MM: So can you tell us a bit about the main characters?

JR: The protagonist is an eighteen-year-old girl named Heather, played by Becki Jones. She has just finished sixth form and is in a position of dilemma between rushing into university despite being unsure what she wants to do, or taking a gap year to learn more about herself and what she wants out of life. She’s quite a socially awkward person, and at the beginning of the film is still quite new to the rave scene, having only recently been befriended by the supporting characters. Katie is played by Charlotte King. She’s protective and sociable, having taken Heather under her wing so to speak and introduced her to the rave scene, simply due to an enthusiasm for meeting new people and making new friends. Dean Morris plays Hud, a boyish, high energy character who similar to Katie is very sociable and loves to make friends. Danny Patrick plays Brett, a morally ambiguous character whose energy is somewhat averse to that of the rave scene, in that he can be quite hostile to new people. Spence, played by Instinct Elkanah, is sort of Brett’s wingman although he’s much more good natured and is perhaps quite naive with regards to some of Brett’s concerning traits. Finally, Justine Moore plays Brett’s girlfriend Amber. She’s in a situation where she’s in a relationship with a guy who doesn’t treat her particularly well, but she stays with him due to low self-esteem and for the principle of being seen with an older guy.


MM: How did you come to cast the actors in these roles? What were you looking for?

JR: To be honest I did have a few actors in mind when I was writing the script, actors that I had worked with before who I felt worked well and that I felt I worked well with. There was one actor who I met by chance while I was writing the script, and I had an amazing experience where it felt like I had met my character, in that the actor was almost exactly as I had imagined the character from the way they spoke, to mannerisms, physical appearance and personality. I cast this actor in the proof of concept short which we shot in February/March, the idea being that this would serve as an audition for the role in the film itself. They were great in that, so I kept them in the role for the film. We held open auditions for all the other roles, and there were definitely cases where actors were not what I had initially envisioned when writing the role, but fit the role surprisingly well in the audition so that I was happy to cast them.

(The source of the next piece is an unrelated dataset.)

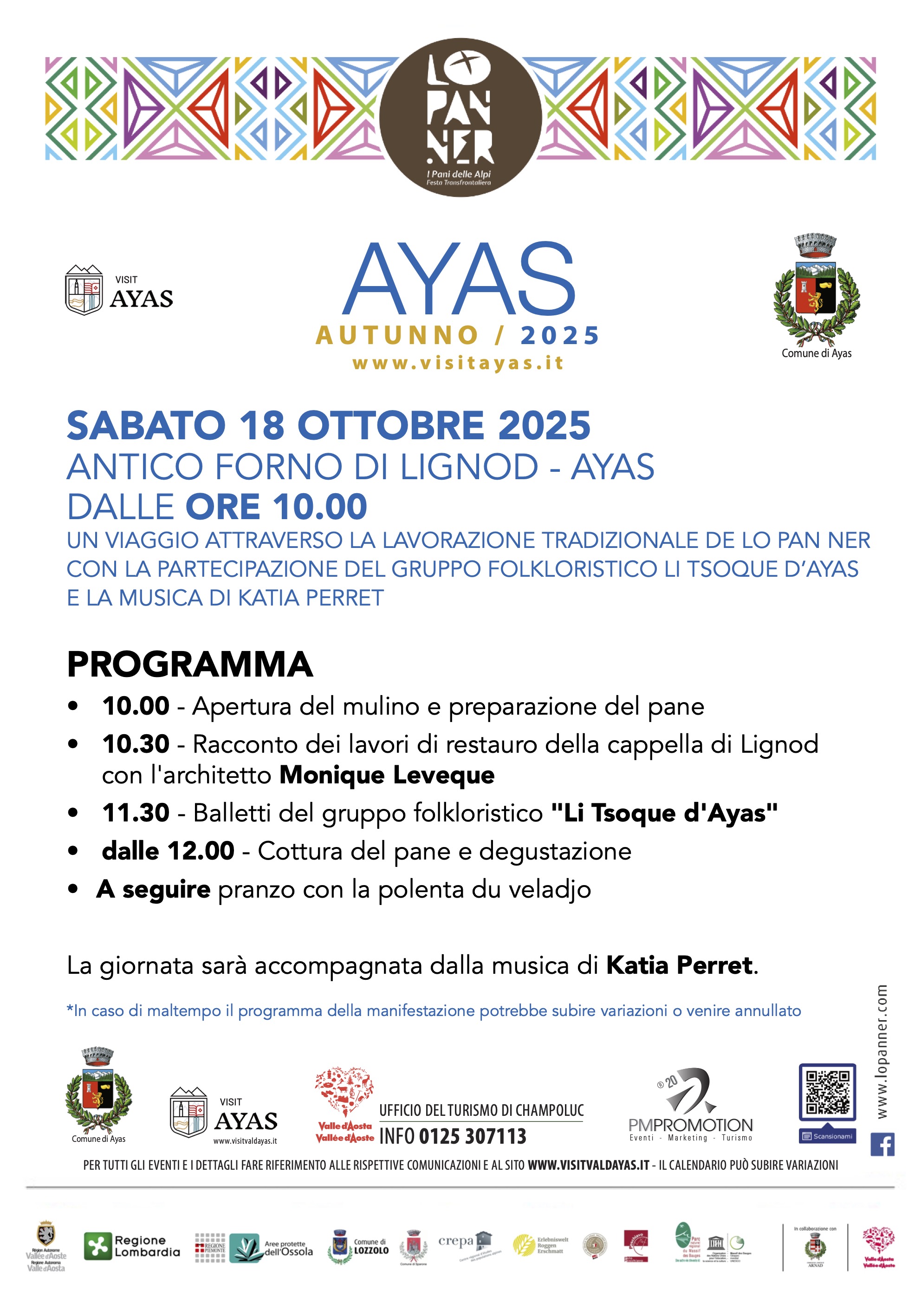 Il Catasto d’impianto dello Stato italiano segnala sul territorio di Ayas almeno 33 forni a pane alla fine del 1800. Nel corso dell’inventario organizzato dalla Sovrintendenza alle attività e beni culturali nel 1996-1997 ne sono stati riscontrati 23. Pochi sono datati, e precisamente quello di Cunéaz (fine XVIII secolo), quello di Magnéaz (160 pani) datato 1859 e quello di Champoluc, datato 1861.

MM: And how much of your own experiences are in 20th Century Tribe?

JR: I had a sort of realisation at the beginning of this year, that certain characters I have written tend to be manifestations of different parts of myself. This is particularly true of the short film Collision that I wrote and directed last year and is too for 20th Century Tribe. In particular, I feel like the protagonist Heather is a manifestation of my shy, introvert self, and that Hud is a manifestation of my high energy, extrovert self which doesn’t come out very often. I think the place that Heather is in is a reflection of how I have felt for perhaps a few years now; unsure of what I’m really doing with my life, what I’m working towards, where I belong and with whom I belong, essentially looking for a sense of belonging. Meanwhile Hud is myself on the rare occasions that I’m carefree and comfortable in my surroundings. There are certain other characters where I’ve drawn influence from real people I have known, perhaps a little cheekily in some cases. Sometimes I make a point of remembering amazing dialogue, or incidents, that I witness or am a part of in real life, with the clear intention to use it in something I write. So there are moments in the film, whether dialogue or something else, which I have witnessed in real life.

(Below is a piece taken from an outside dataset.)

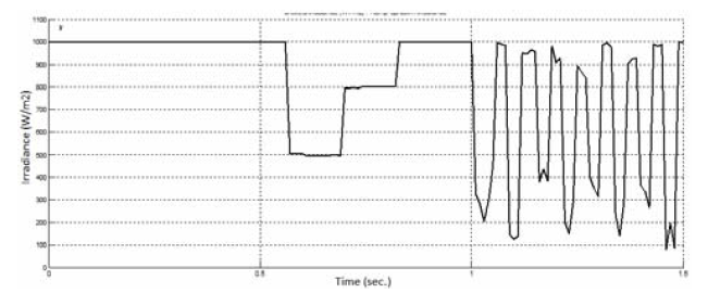 The fluctuation of the output power of PV systems is one of the main factors that may cause severe operational problems for the utility network. Power fluctuation occurs due to variations in solar irradiance caused by the movement of clouds and may continue for minutes or hours, depending on wind speed, the type and size of passing clouds, the area covered by the PV system, and the PV system topology. Power fluctuation may cause power swings in lines, over- and under loadings, unacceptable voltage fluctuations, and voltage flickers [1].

MM: What are your favourite films?

JR: My favourite genres are actually dystopia and western, each of which I have a huge interest in and a huge appreciation for. Dystopia in particular I am kind of obsessed with so much that most of my written assessed work at university was on dystopian cinema. I like dystopias that explore the sociological consequences of disaster, or social or economic failure, The Warriors, A Clockwork Orange, Mad Max being my favourites, although I recently discovered and immensely loved the Aussie film Dead End Drive-In. I keep telling people about it hoping someone will watch it and love it as much as me


MM: Any music films?

JR: With regards to films about youth, music and partying, this is definitely another kind of film which I very much enjoy. I like ‘slice of life’ films that tell a relatively simple story, I find them very relatable and endearing. In particular I’m a big admirer of the works of Shane Meadows, particularly Dead Man’s Shoes and This Is England (film and tv). I think Rumble Fish, Dazed and Confused and American Honey are great films about youth culture, and I love the lesser known The Way Way Back. I also have a high opinion of Fast Times at Ridgemont High, which is my personal favourite of that particular breed of 1980s youth fiim. I do enjoy many films where a particular dance or music scene plays a significant part. One of my all time favourites is Boogie Nights, which I think is great fun, highly entertaining but also at times brutally real, ultimately evocative and endearing. Meanwhile I think British films like Spike Island, Northern Soul and of course Human Traffic are enjoyable explorations of their respective music scenes.


MM: What filmmakers inspire you and did that influence any creative decisions?

JR: I certainly think I’ve drawn influence from the works of Shane Meadows and from Andrea Arnold’s American Honey. I’m a big advocate of allowing actors a great deal of creative freedom. I encourage them to play around with dialogue and body language, as I want them to be able to feel very natural and very comfortable in their role. It’s very rare that I ask an actor to say something exactly as written in the script, as I feel allowing the actor such freedom encourages a more natural performance. I like the way Terrence Malick allows the audience a brief glimpse into characters’ thoughts using voice-over dialogue, which may have influenced some ideas I am playing around with regarding the rave scenes. One filmmaker whose work I find particularly inspires me to want to write and direct films is Stanley Kubrick. I find his films to be very immersive, psychologically fascinating, atmospherically enthralling and often visually stunning both in use of camera as well as costume and sets. I would love to create something as completely enthralling and unnerving as The Shining, a huge ambition I hope to work towards.


MM: So where and when can people see the finished film 20th Century Tribe?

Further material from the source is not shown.